A legal structure that supports development through the next century, however, must also support the free enterprise economic model, and acknowledge the political role the nation-state will continue to play in humanity’s increasingly far-flung affairs. The outline of a three-tier structure, therefore, seems evident:

  • The Asteroid Remote Assay system sketched above, to be applied only to near-Earth asteroids, the so-called Apollo group. By establishing an independent scientific board to check the data collected in each assay against the criteria agreed upon by the world’s central banks, new wealth discovered could quickly be put to use. By rewarding corporations that build the probes and fly the missions with even a tiny fraction of the wealth found, a booming space industry with the capital to push deeper into space could quickly be established. (Such a freewheeling system would also quickly result in the identification of any large, dangerous asteroids on a collision course with Earth.)
  • Allowing private corporations to exercise “use sovereignty” over bodies in the main asteroid belt. That is, allowing a corporation to claim a body in that area as long as the corporation was actively using it—to mine, as a location for a scientific outpost or commercial factory, etc. This provision obviously looks deeper into the century and should be designed to encourage the continued development of science and technology and the expansion of activities in space.
  • Allowing nation-states to exercise sovereignty rights over large tracts of land on the major bodies of the solar system: the planets Mercury and Mars, plus the largest moons, including Earth’s. Venus would also fit into this category, of course, but the atmospheric pressure and incredible temperatures at the surface will likely put developing Venus off the board for some tine. Perhaps, therefore, Venus could be grouped with the Apollo asteroids, at least temporarily.

This final provision is tri-faceted. First, it seeks to lay a clear, firm legal foundation for the human settlement of those worlds. Second, it tries to give each settlement enough area so that it can be economically self-sufficient as soon as possible. And third, the provision attempts to build some stability based in law into what might otherwise be an exceedingly wild frontier. More likely, without such guarantees of legal standing, there will be no frontier at all; capital will not flow into areas where it is not protected by laws. If, as seems likely, nations band together to pursue interplanetary exploration and settlement, the tract-size due each nation in the group could be pooled with the others to create one extremely large area under unified control.

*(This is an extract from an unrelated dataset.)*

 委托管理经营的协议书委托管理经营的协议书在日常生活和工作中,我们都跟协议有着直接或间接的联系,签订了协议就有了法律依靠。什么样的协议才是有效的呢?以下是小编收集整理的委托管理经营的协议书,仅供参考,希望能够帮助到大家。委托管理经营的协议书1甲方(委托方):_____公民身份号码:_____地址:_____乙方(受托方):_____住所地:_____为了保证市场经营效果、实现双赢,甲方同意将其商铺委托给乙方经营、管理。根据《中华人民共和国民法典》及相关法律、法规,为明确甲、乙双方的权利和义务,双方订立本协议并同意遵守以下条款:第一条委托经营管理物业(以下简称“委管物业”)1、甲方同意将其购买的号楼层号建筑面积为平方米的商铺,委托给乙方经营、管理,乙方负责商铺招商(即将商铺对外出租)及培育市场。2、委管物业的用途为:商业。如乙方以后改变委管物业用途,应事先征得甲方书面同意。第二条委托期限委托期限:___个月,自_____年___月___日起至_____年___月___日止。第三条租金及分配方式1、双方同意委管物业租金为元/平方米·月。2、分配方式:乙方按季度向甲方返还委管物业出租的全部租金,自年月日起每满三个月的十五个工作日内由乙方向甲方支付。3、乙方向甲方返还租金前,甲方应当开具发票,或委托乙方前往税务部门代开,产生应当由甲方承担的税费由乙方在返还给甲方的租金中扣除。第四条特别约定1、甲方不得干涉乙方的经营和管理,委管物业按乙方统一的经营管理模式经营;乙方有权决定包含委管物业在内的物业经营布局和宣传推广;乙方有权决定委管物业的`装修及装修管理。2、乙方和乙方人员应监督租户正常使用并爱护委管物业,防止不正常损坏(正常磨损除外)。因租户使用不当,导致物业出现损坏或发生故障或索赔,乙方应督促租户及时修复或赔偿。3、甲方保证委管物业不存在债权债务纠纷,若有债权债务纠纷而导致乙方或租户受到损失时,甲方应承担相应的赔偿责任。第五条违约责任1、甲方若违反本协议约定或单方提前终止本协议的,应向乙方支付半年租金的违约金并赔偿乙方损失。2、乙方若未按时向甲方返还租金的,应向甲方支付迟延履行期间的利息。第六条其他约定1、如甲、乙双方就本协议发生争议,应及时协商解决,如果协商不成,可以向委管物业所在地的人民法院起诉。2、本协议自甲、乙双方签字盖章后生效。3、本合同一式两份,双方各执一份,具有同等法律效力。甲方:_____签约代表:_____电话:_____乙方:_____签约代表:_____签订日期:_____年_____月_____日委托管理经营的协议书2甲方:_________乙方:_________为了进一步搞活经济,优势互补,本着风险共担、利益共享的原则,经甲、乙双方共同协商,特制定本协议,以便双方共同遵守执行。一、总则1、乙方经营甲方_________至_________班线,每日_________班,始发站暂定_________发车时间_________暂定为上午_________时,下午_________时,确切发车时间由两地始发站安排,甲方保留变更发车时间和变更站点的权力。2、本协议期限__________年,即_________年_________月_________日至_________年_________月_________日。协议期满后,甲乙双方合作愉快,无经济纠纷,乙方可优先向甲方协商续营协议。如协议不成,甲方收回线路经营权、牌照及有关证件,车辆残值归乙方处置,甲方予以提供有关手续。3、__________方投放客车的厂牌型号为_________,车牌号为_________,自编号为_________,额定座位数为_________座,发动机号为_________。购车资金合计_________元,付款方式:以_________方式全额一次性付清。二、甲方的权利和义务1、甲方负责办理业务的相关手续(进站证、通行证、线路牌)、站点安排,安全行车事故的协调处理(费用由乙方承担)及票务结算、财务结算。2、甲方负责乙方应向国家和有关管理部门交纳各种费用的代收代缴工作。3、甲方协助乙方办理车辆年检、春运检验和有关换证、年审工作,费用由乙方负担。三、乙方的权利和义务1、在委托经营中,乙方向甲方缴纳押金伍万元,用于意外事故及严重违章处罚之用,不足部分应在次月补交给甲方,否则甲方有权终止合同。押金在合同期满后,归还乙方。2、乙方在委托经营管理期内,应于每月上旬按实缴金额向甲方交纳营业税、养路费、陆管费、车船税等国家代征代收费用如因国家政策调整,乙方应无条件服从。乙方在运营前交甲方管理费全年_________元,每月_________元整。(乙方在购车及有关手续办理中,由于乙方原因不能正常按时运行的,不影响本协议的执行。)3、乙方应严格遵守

Such a treaty would seek to put the developing nations of mankind on a footing that would allow them to pursue their destiny as the people of each see fit and to manage the early stages of the development of a truly spacefaring civilization. To some, those two goals might seem badly paired in one document, but in fact they are yoked together as surely as we are all human. One will not happen absent the other.

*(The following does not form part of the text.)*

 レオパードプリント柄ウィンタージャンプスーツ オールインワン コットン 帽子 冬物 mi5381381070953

Abraham Lincoln, standing in the new national cemetery at Gettysburg, said that Americans were then engaged in a war to determine whether government “of the people, by the people, for the people” would perish or long endure. That war is ongoing, pitting an expansive, rational, democratic future against a future ruled by force and terror and whim. As Gettysburg was but one battle in Lincoln’s trial by fire, so the American Civil War was but one episode in the struggle Lincoln defined so well. Perhaps, as weapons get ever more powerful and terrifying, and the human mind advances only slowly, the pivotal battles in that fight loom just ahead.